多くの大人にとって、芋虫の姿、形はゾッとするものである。しかし、無垢な子どもたちは芋虫に愛着を寄せることがある。子どもが「この芋虫を飼育したい」と言ったとき、親はどのように葛藤し、それを受け入れるか。筆者はこの経験を通して、思わぬ気づきを得た。(フリーライター 武藤弘樹)
ご近所さんから芋虫、しぶしぶ開始された飼育
ご近所さんが、4歳の娘に芋虫をくれた。
虫と縁遠い生活を送る人には、「誰かが誰かに芋虫をあげる状況」や「“芋虫をあげる”とはそもそもどういうことか」がよく理解できないと思うが、そういうものとして捉えておいていただきたい。筆者が住む片田舎には虫がふんだんにいて、子どもにとって虫はお友達のようなものだ。

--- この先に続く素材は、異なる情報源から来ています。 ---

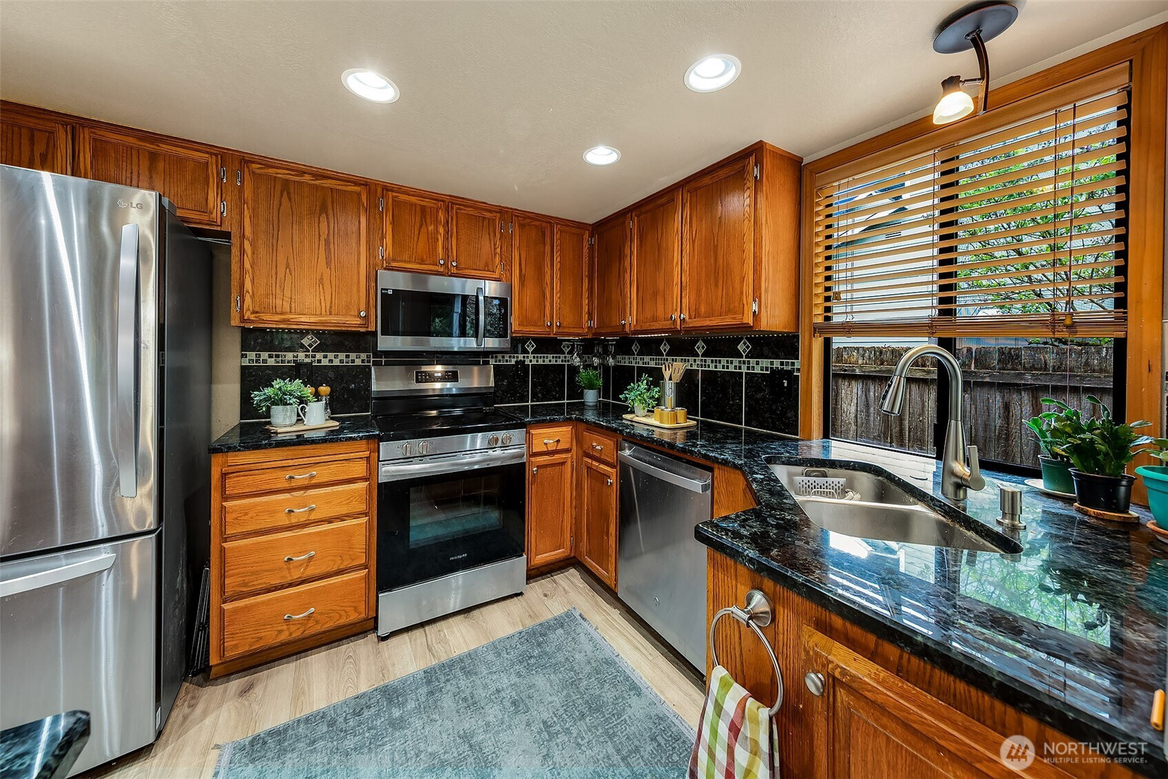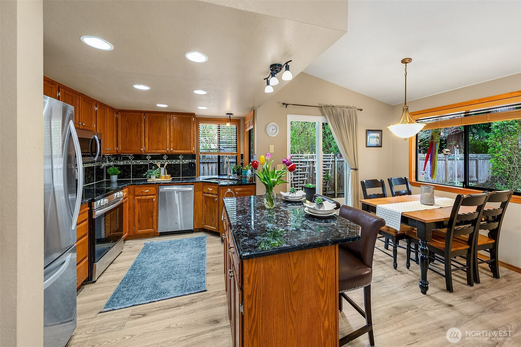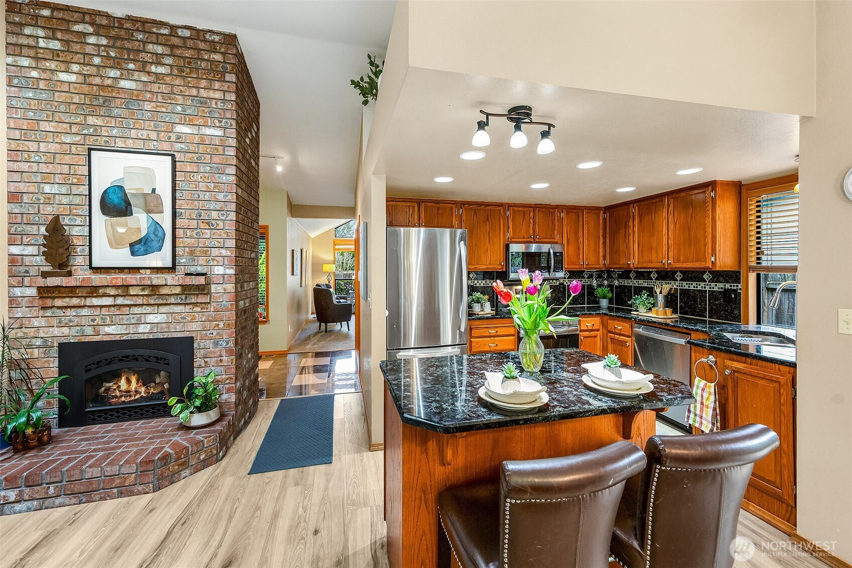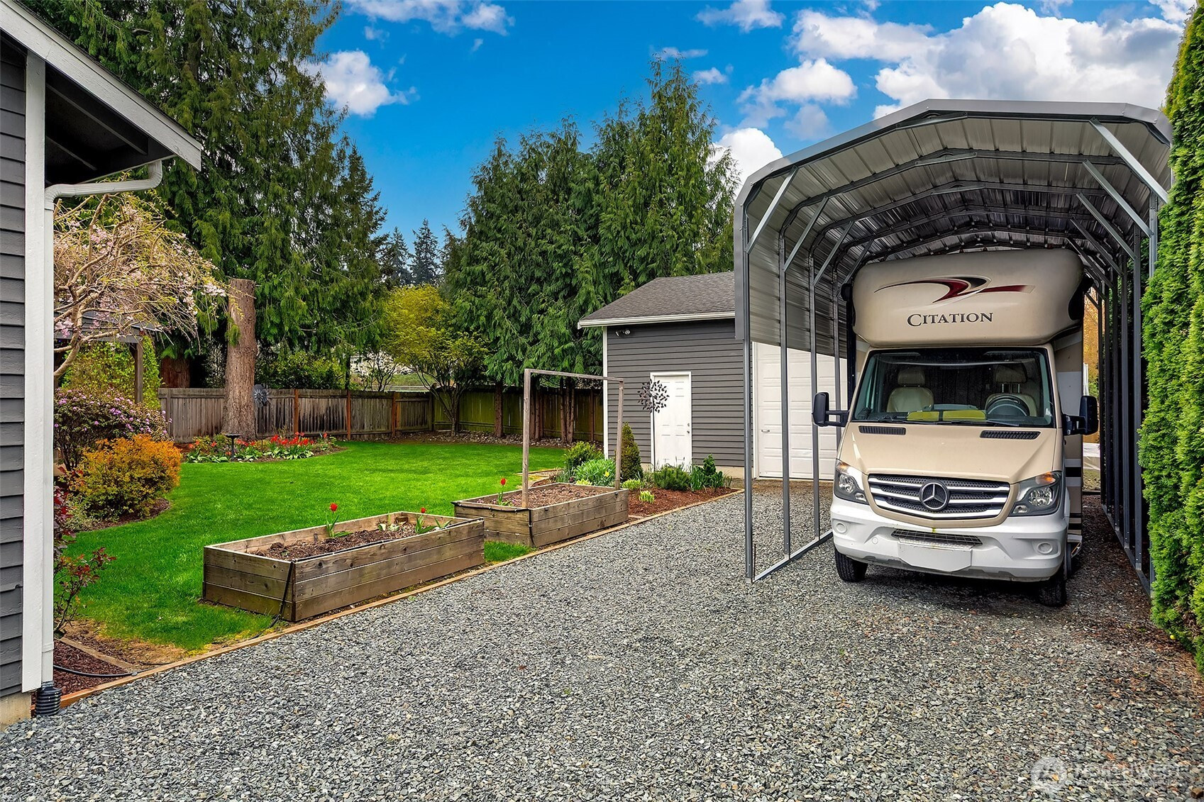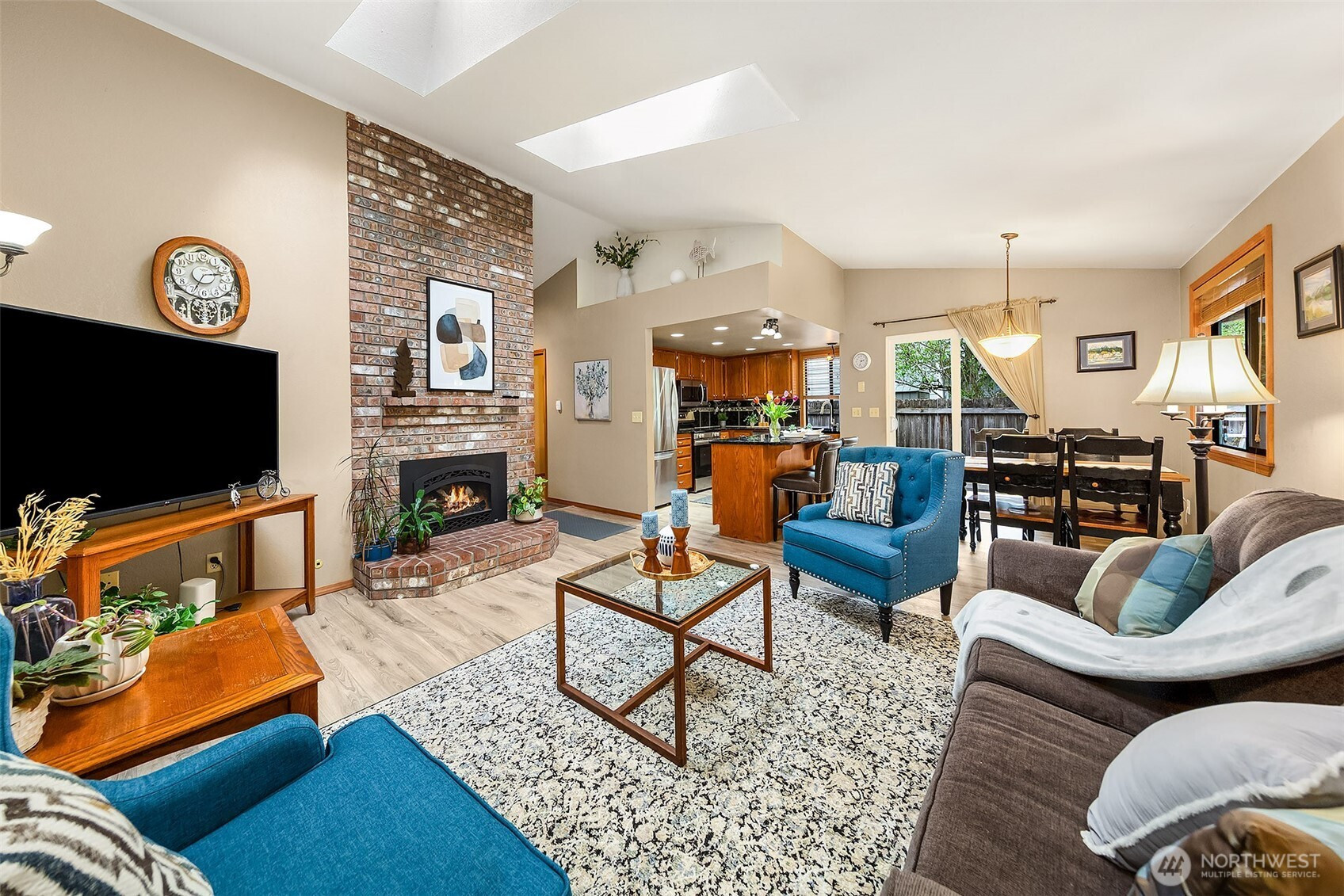 Discover your perfect retreat in this exquisite and rare Marysville Rambler! Immaculate 3-bed, 2-bath home spanning 1,800 sq ft offers a harmonious blend of style and comfort. Bright living room and family room with gas fireplace, formal dining, and newer LVP flooring complement vaulted ceilings and skylights. Generous kitchen with granite counters, eating bar and ample storage. Enjoy central A/C and gas heat. Unwind in the private, fully fenced backyard featuring mature landscaping and a large, covered composite deck, ideal for year-round BBQs! And all this backs up to Northpointe Park! Enter through the side rolling drive gate to find a dream shop built in 1997, complete with 10' ceilings and gas heater. Secure covered RV/boat parking awaits. Just minutes to I-5, shopping and more. No HOA!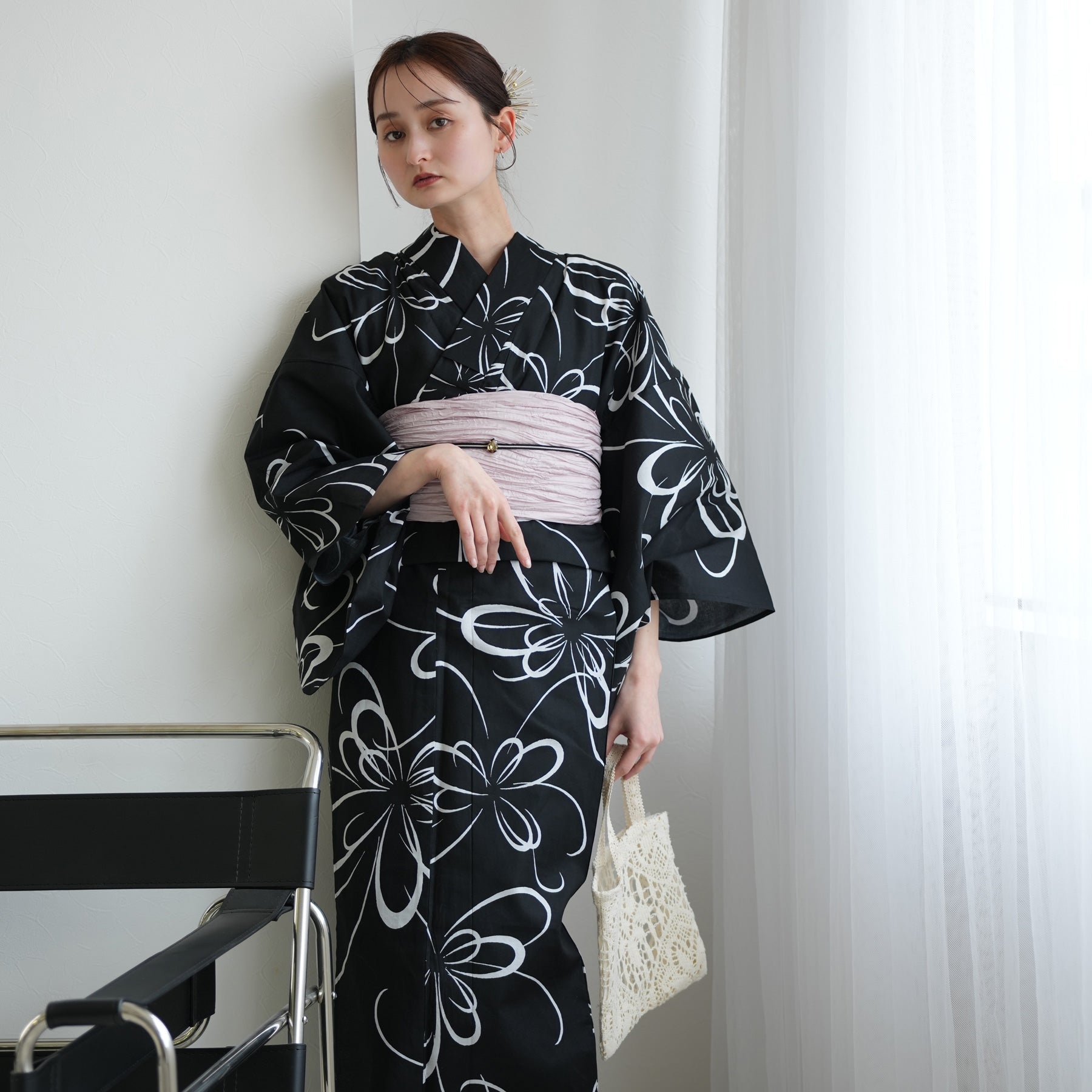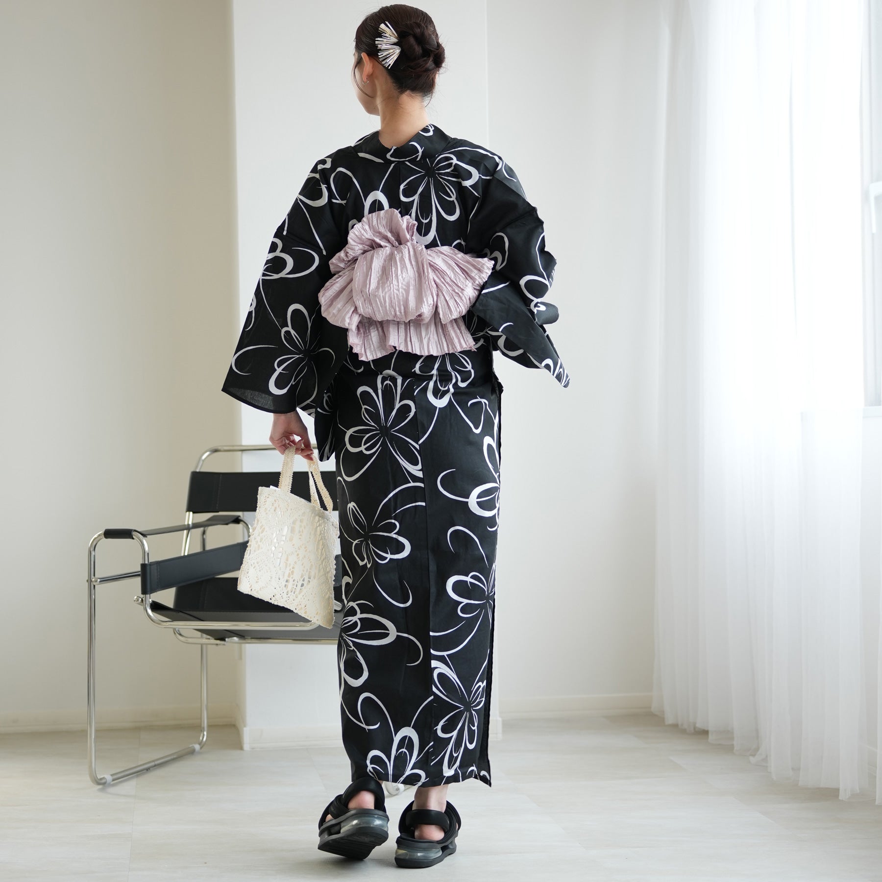 強さを感じさせる黒地の浴衣に、儚げなスノーラベンダーの兵児帯。

木の棒に乗っかるそれは丸々と肥え太っており、筆者と妻は戦慄(せんりつ)した。
芋虫といえばあのおぞましいフォルムであり、木の棒の上を無目的にはい回る様子が不気味さをいやが上にも増している。娘が適当に飽きたところでその辺の木に移して野生に返しておこうともくろんだが、娘は飽きる前に「うちに連れて帰る」と、両親が最も恐れていることを言い出した。かくして、我が家で芋虫を飼育することになった。
するとどうだろう。途中経過をすっ飛ばして結論から書くが、芋虫がかわいく思えるようになったのである。筆者よりも格段に虫が嫌いでアリを目撃しただけで悲鳴を上げる妻が、虫かごの前に顔を置いてうっとり芋虫に見ほれるまでになっている。
妻のその様子は夫としてやや心配ではあるのだが、人をそうさせるポテンシャルを芋虫が秘めていることは、筆者がその数日間で身をもって学んだものでもある。本稿では、虫嫌いの人でもハマるかもしれない芋虫、および芋虫飼育の可能性について論じたい。